NEDO Project meetings in Tokyo

24.04.2019

A three-year Slovenian-Japanese smart grid project was launched in November 2016. The main partners are the Japanese New Energy and Industrial Technology Development Organisation (NEDO), its authorised contractor Hitachi, the multinational conglomerate, and TSCNET shareholder ELES, the Slovenian transmission system operator (TSO). In addition to ELES, numerous Slovenian stakeholders also contribute to the NEDO Project, the aim of which is to implement a smart grid at national level. For the power system, the benefits lie in innovative solutions that reduce the need for grid extension, as the use of advanced secondary equipment, information, communication and cloud technologies allows better utilisation of the existing grid.

Last week, two NEDO Project meetings took place in the Japanese capital Tokyo. On 17 April, Gorazd Ažman, Assistant Director of the Strategic Innovation Department at ELES, and a representative of Hitachi informed the members of the NEDO Project Steering Committee and the Advisory Board about the current project activities in the Hitachi premises.
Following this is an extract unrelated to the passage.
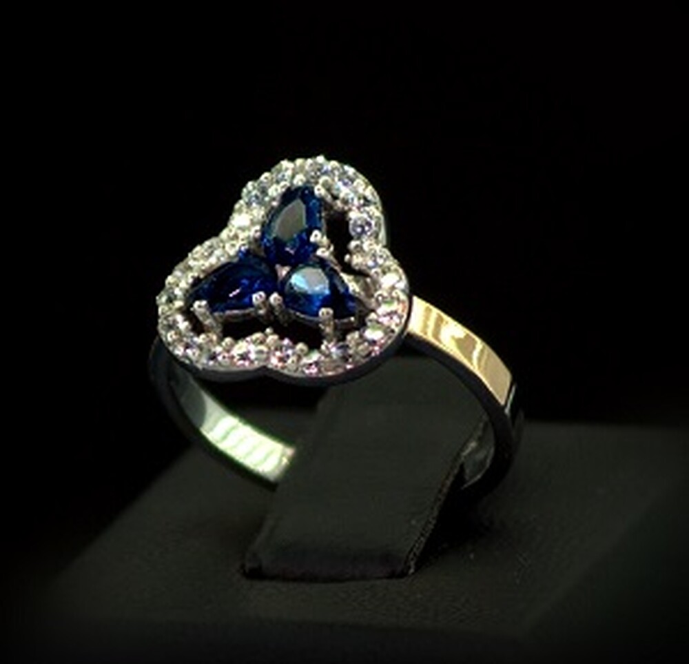 Срібна каблучка 925 проби з позолотою 375 проби 2,75 г з синіми та білими Фіанітами 1,55 карат

The next day, a second meeting followed, this time at the NEDO headquarters with high representatives of the Japanese Ministry of Infrastructure, the Ministry of Economic Development and Technology, ELES, NEDO and Hitachi.

ELES and Hitachi held two NEDO Project Meetings in Tokyo (collage using a picture of Eles and a picture of Hitachi Headquarters in Chiyoda, Tokyo, by Kakidai, Creative Commons, Wikimedia)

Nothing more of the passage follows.